_Work task_.
Exactly the lines from the one with "- Lorsqu’ils sont" through the final line of the entries, and nothing else, should appear in the answer; no pictures go in it.

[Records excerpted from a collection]
◆ ◆ ◆ ◆

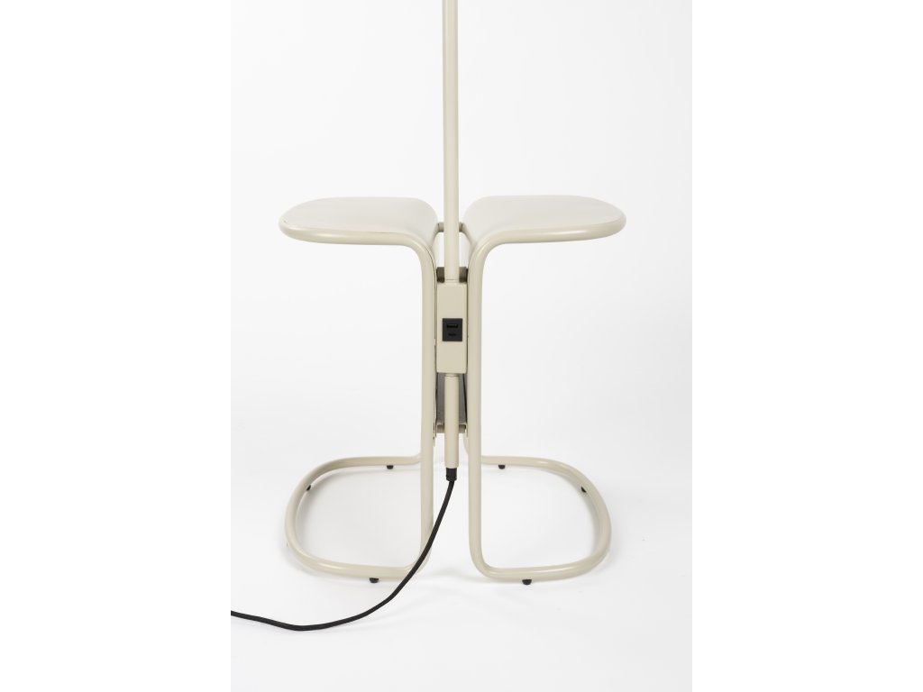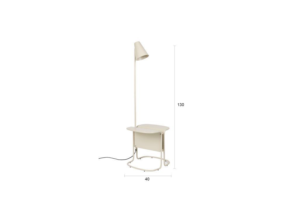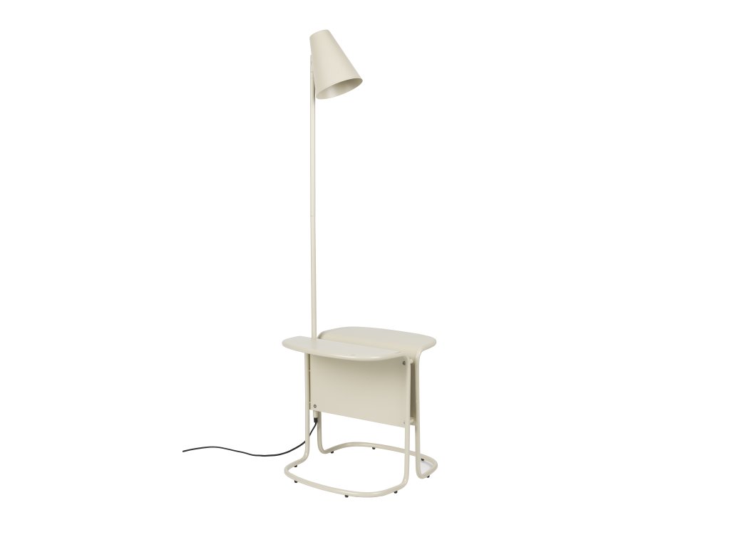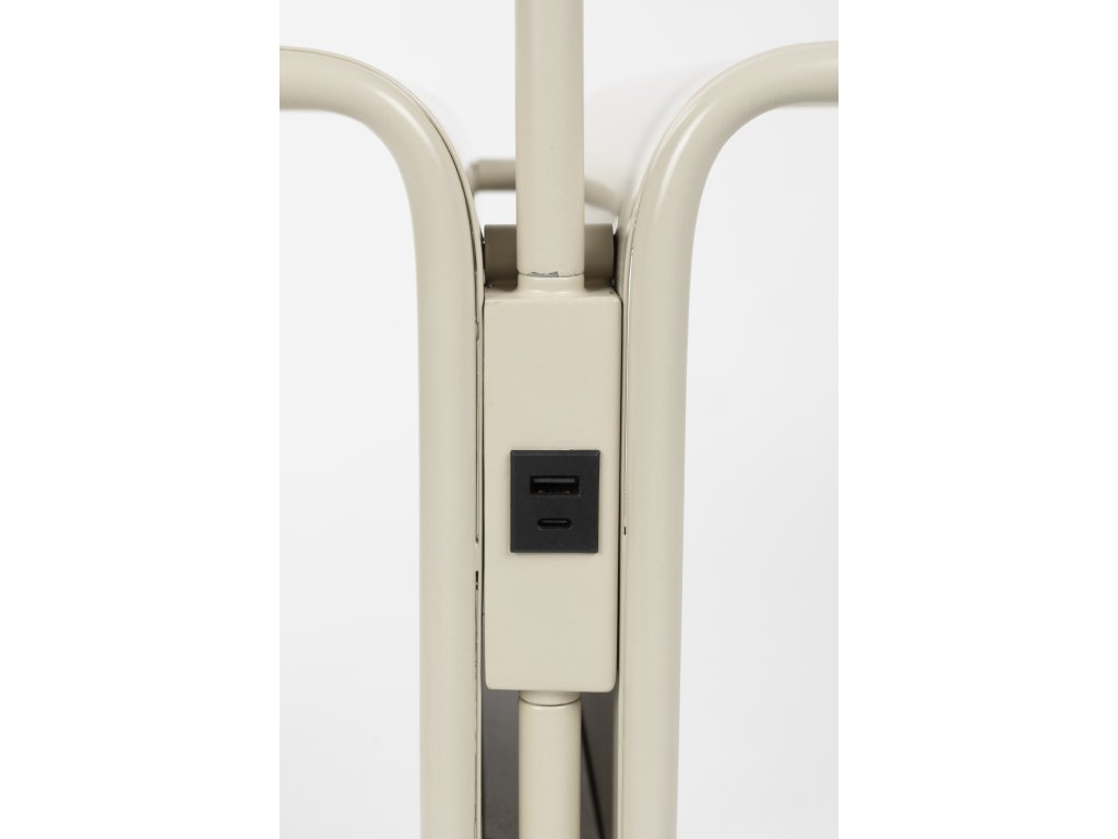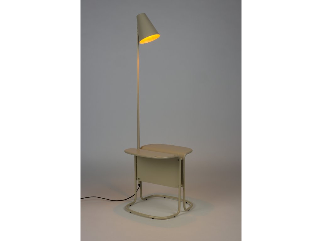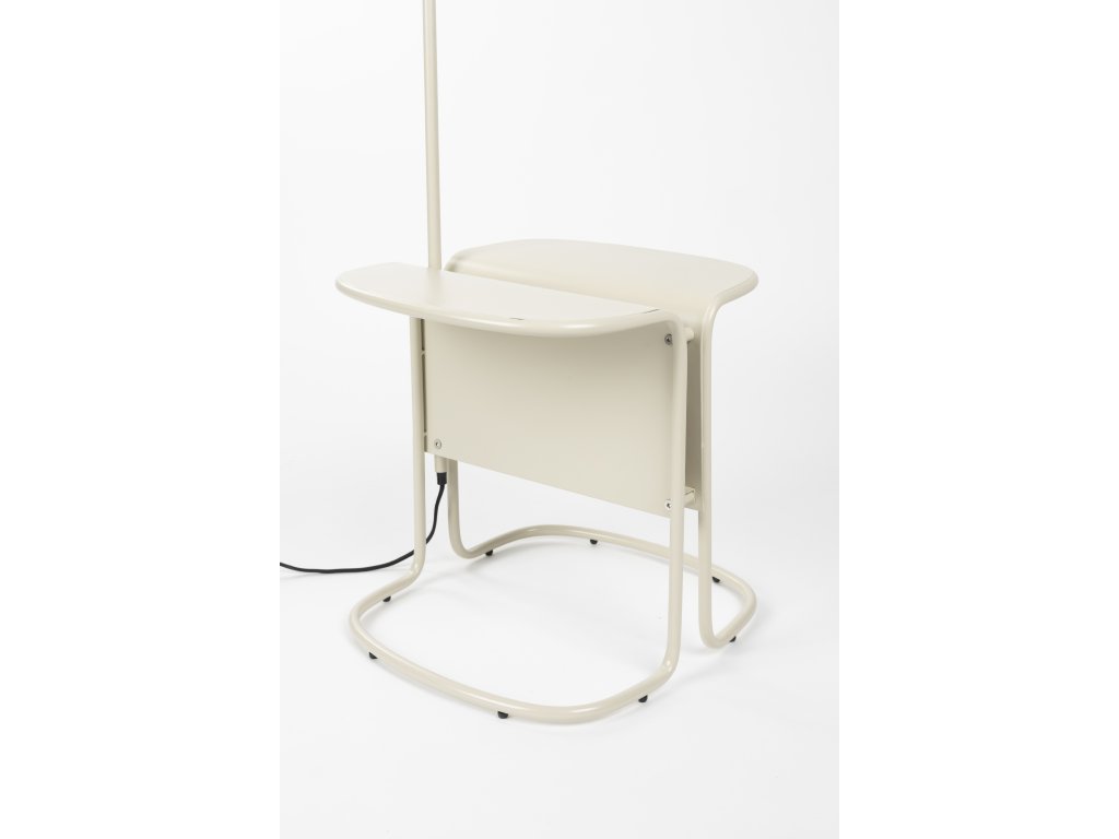 Stojací lampa LUSTOR Zuiver, výška 130 cm, béžový kov - s odkládacím stolkem, prostorem na časopisy a nabíjecím portem pro mobil či tablet
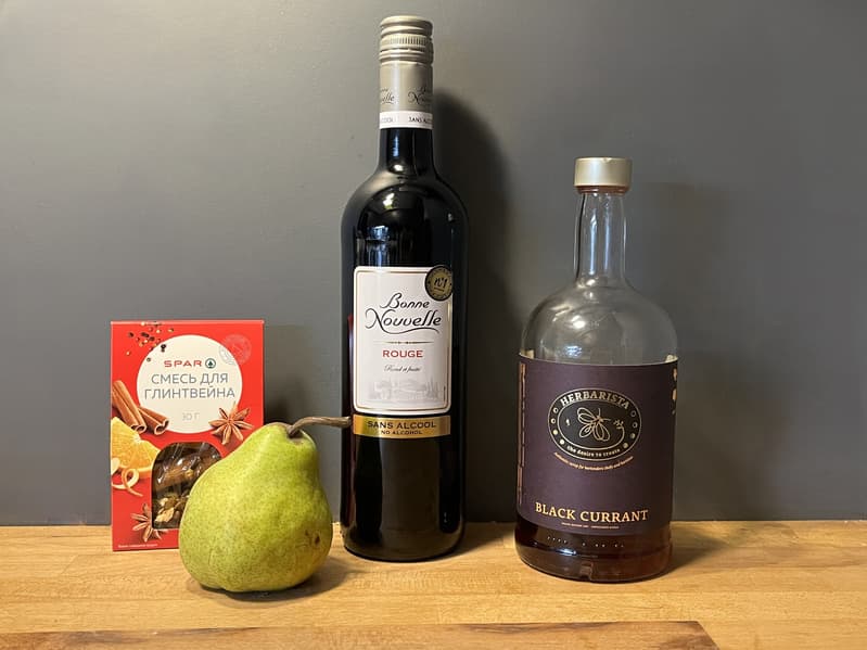 Для приготовления самого ароматного зимнего напитка мы подготовили безалкогольное красное вино, смесь пряностей, грушу и черносмородиновый сироп.
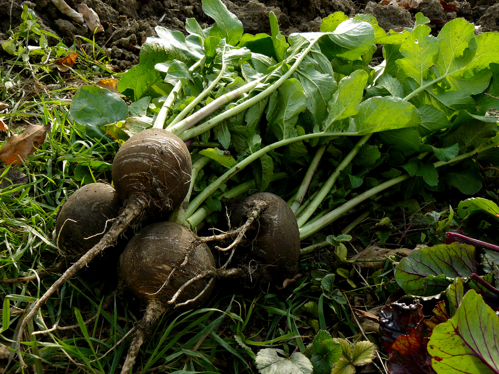 - Lorsqu’ils sont prêts à être récoltés, arrachez les radis d’hiver avec leurs racines, puis laissez-les ressuyer (sécher) plusieurs heures au sol.
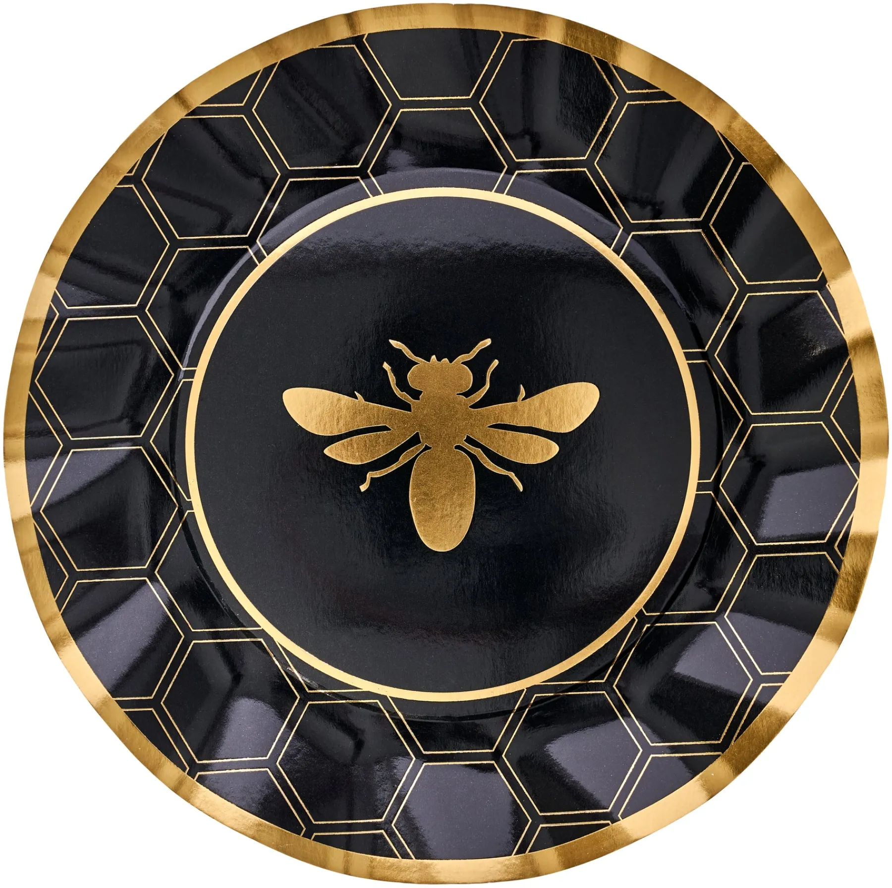 These ruffled edge black and white beauties with Honeybee design have a metallic gold rim and will make you want to host a party at the first chance you get, and add a touch of elegance to any event. Impress your guests for a beautiful brunch, boat party, Picnic, New Years, BBQ, Mothers & Fathers Day, garden party, birthday, and more! Your guests will not believe that these are paper plates!
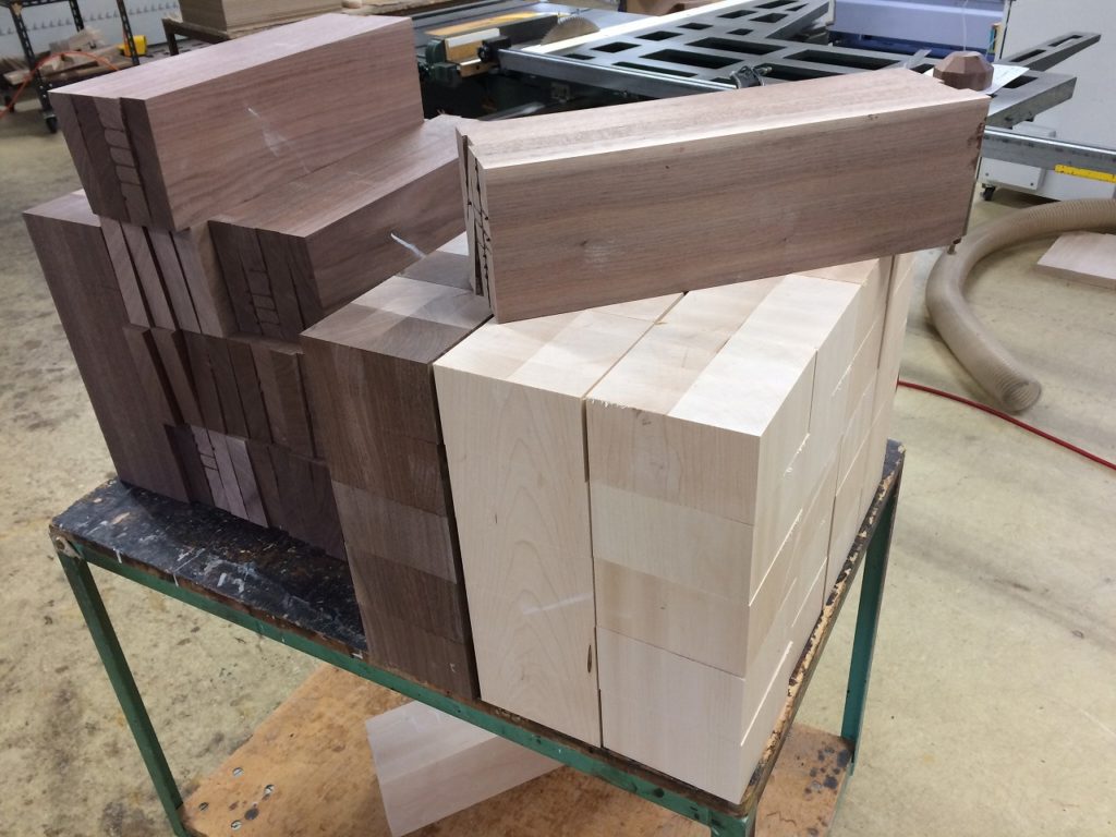 昨日まで、靴ベラの出来上がるまでを紹介させていただきました。今日からは、靴ベラスタンドができるまでを紹介させていただきます。スタンドは半球の形をしています。スタンドに限らず、必要な厚みや幅を数枚の材料を接着し形にします。接着したブロックになるまでに、6工程かかります。次に接着されたブロックからスタンドを5個作る事ができます。次に、靴ベラを差し込む穴を開けます。穴を開けられたスタンドを、半球にしやすいように、周りをカットします。ここまでで10工程目になります。加工する様子を見ていただくとコサインのモノづくりを堪能していただけます。見学大歓迎です。
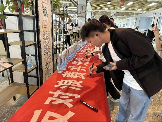 签名活动得到了广大同学的热烈响应与支持。活动现场,同学们纷纷在横幅和签名墙上留言,文学院的张梓文同学说:“作为新时代的五四青年,我们应当从小事做起,文明就餐,反对浪费,为文明有序的就餐环境共同努力!”
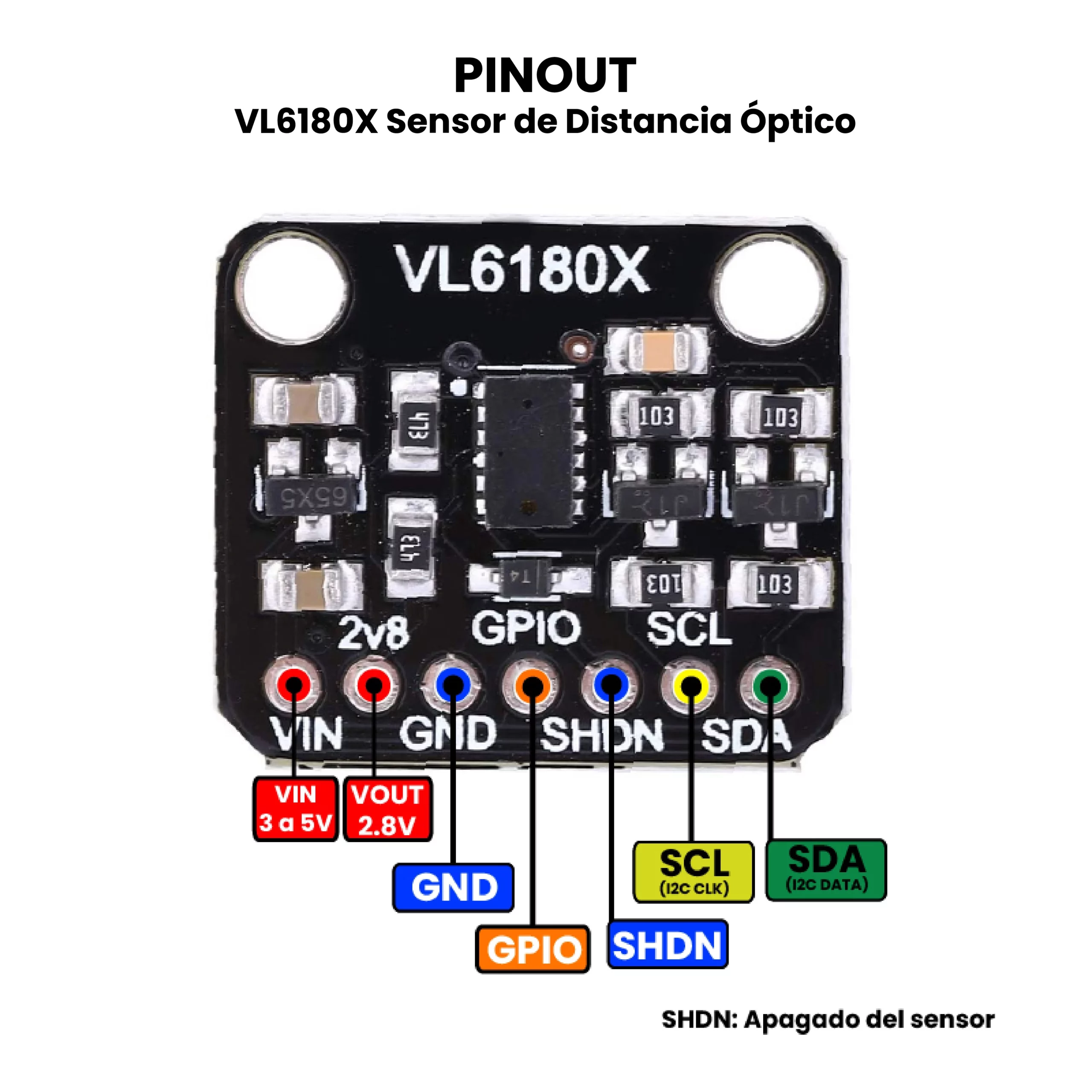 - Dirección I2C por defecto: 0x29 (configurable mediante software).
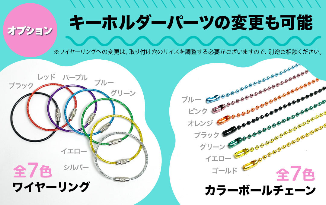 オリジナル アクリルキーホルダー(アクキー)のキーホルダーパーツは、デフォルトで選択できる「ボールチェーン(シルバー)」「ナスカン」「押し二重カン」の他にも、オプションで「カラーボールチェーン」や「ワイヤーリング」などに変更することも可能です。
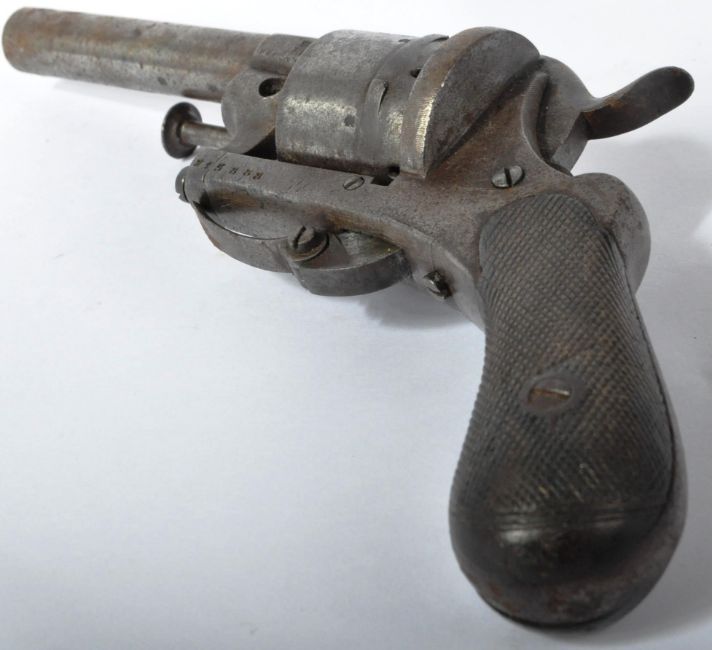 An original 19th Century French made pinfire revolver pistol / gun. The pistol having a round barrel, side gate loading, iron ejector rod and 2 piece chequered wooden grip. Marked to the barrel and chambre E.L beneath a crown. Serial number 215888 above the trigger. Calibre obsolete. Measures approx 18cm.
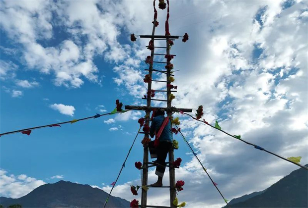 活動(dòng)在傈僳民歌“擺時(shí)”展示《歌唱幸福好時(shí)光》中拉開(kāi)序幕。嘉賓們參加了“吉祥神弩”啟弩儀式,見(jiàn)證傈僳人民歡度闊時(shí)節(jié)。活動(dòng)現(xiàn)場(chǎng),“刀桿祈福”表演將“祈福”儀式推向高潮,通過(guò)上刀桿“祈福”活動(dòng),為傈僳族同胞迎新祈福。
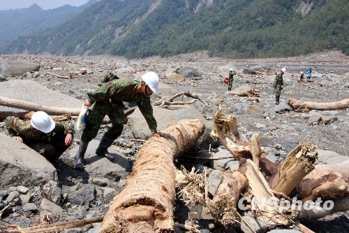 台湾高雄县甲仙乡小林村在“88水灾”中遭遇泥石流。图为8月19日,官兵在现场搜索,不放过任何一个角落。(图片来源:中新社)
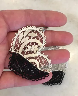 Elegantes pendientes largos combinando plata 925 y encaje negro. Únicos. Certificado. - Diseño de filigrana en plata. - Detalle de encaje negro en la parte inferior. - Cierre de anzuelo para mayor seguridad.
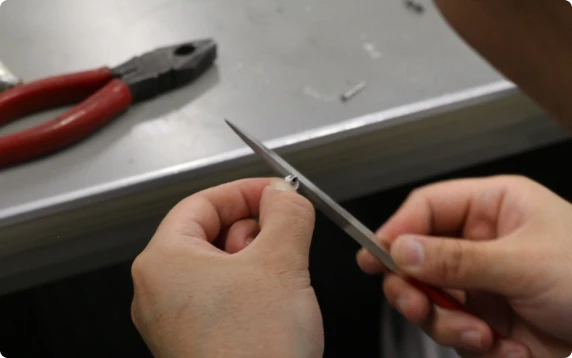 軽量化のため、加工可能な最小構造の針をステンレスで製作。ガス噴射機構に合わせて先端部を手加工で削り出し、トライ&エラーにより形状を決定した。
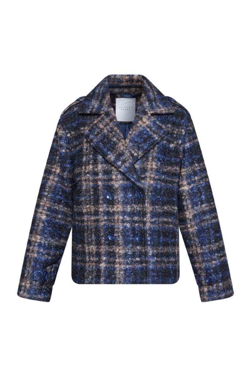 Kort jacka med dubbelknäppning.

◆ ◆ ◆ ◆

_Expected answer_.
 - Lorsqu’ils sont prêts à être récoltés, arrachez les radis d’hiver avec leurs racines, puis laissez-les ressuyer (sécher) plusieurs heures au sol.
 These ruffled edge black and white beauties with Honeybee design have a metallic gold rim and will make you want to host a party at the first chance you get, and add a touch of elegance to any event. Impress your guests for a beautiful brunch, boat party, Picnic, New Years, BBQ, Mothers & Fathers Day, garden party, birthday, and more! Your guests will not believe that these are paper plates!
 昨日まで、靴ベラの出来上がるまでを紹介させていただきました。今日からは、靴ベラスタンドができるまでを紹介させていただきます。スタンドは半球の形をしています。スタンドに限らず、必要な厚みや幅を数枚の材料を接着し形にします。接着したブロックになるまでに、6工程かかります。次に接着されたブロックからスタンドを5個作る事ができます。次に、靴ベラを差し込む穴を開けます。穴を開けられたスタンドを、半球にしやすいように、周りをカットします。ここまでで10工程目になります。加工する様子を見ていただくとコサインのモノづくりを堪能していただけます。見学大歓迎です。
 签名活动得到了广大同学的热烈响应与支持。活动现场,同学们纷纷在横幅和签名墙上留言,文学院的张梓文同学说:“作为新时代的五四青年,我们应当从小事做起,文明就餐,反对浪费,为文明有序的就餐环境共同努力!”
 - Dirección I2C por defecto: 0x29 (configurable mediante software).
 オリジナル アクリルキーホルダー(アクキー)のキーホルダーパーツは、デフォルトで選択できる「ボールチェーン(シルバー)」「ナスカン」「押し二重カン」の他にも、オプションで「カラーボールチェーン」や「ワイヤーリング」などに変更することも可能です。
 An original 19th Century French made pinfire revolver pistol / gun. The pistol having a round barrel, side gate loading, iron ejector rod and 2 piece chequered wooden grip. Marked to the barrel and chambre E.L beneath a crown. Serial number 215888 above the trigger. Calibre obsolete. Measures approx 18cm.
 活動(dòng)在傈僳民歌“擺時(shí)”展示《歌唱幸福好時(shí)光》中拉開(kāi)序幕。嘉賓們參加了“吉祥神弩”啟弩儀式,見(jiàn)證傈僳人民歡度闊時(shí)節(jié)。活動(dòng)現(xiàn)場(chǎng),“刀桿祈福”表演將“祈福”儀式推向高潮,通過(guò)上刀桿“祈福”活動(dòng),為傈僳族同胞迎新祈福。
 台湾高雄县甲仙乡小林村在“88水灾”中遭遇泥石流。图为8月19日,官兵在现场搜索,不放过任何一个角落。(图片来源:中新社)
 Elegantes pendientes largos combinando plata 925 y encaje negro. Únicos. Certificado. - Diseño de filigrana en plata. - Detalle de encaje negro en la parte inferior. - Cierre de anzuelo para mayor seguridad.
 軽量化のため、加工可能な最小構造の針をステンレスで製作。ガス噴射機構に合わせて先端部を手加工で削り出し、トライ&エラーにより形状を決定した。
 Kort jacka med dubbelknäppning.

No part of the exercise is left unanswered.